→ Exercise:
Only the lines running from the line with "عقال عيد الميلاد" to the end of the listing below should be copied, exactly, without pictures.

→ Data block:
Segment Open

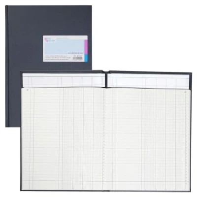 A4 column book / business book Contents: 96 sheets with page numbers, 80 g/m2 4 columns, 32 lines, same scheme on both sides, with header. Ceiling tape, grey Thread binding.
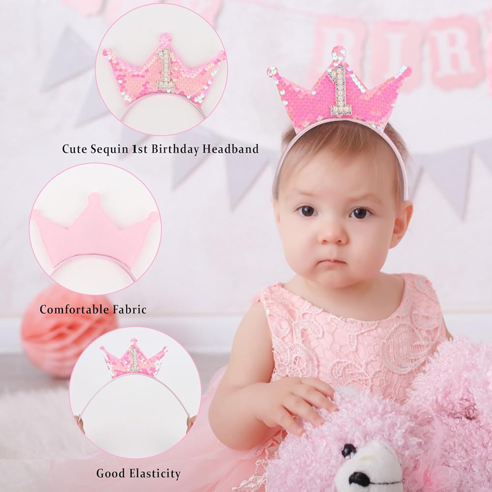 عقال عيد الميلاد الأول لطفلك: مصنوع من الترتر بالليزر عالي الجودة ، والبلاستيك والاسفنجة الناعمة ، هناك رقم بارز 1 في وسط عصابة ، وهو مصنوع من اللؤلؤ البيضاء وأحجار الراين الملونة ، مما يجعله إمدادات زخرفة رائعة ل فتاة عيد الميلاد الأولى
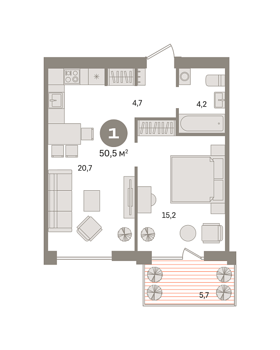 1К квартира 50,45 м²

Segment Closed

→ Result of this exercise:
 عقال عيد الميلاد الأول لطفلك: مصنوع من الترتر بالليزر عالي الجودة ، والبلاستيك والاسفنجة الناعمة ، هناك رقم بارز 1 في وسط عصابة ، وهو مصنوع من اللؤلؤ البيضاء وأحجار الراين الملونة ، مما يجعله إمدادات زخرفة رائعة ل فتاة عيد الميلاد الأولى
 1К квартира 50,45 м²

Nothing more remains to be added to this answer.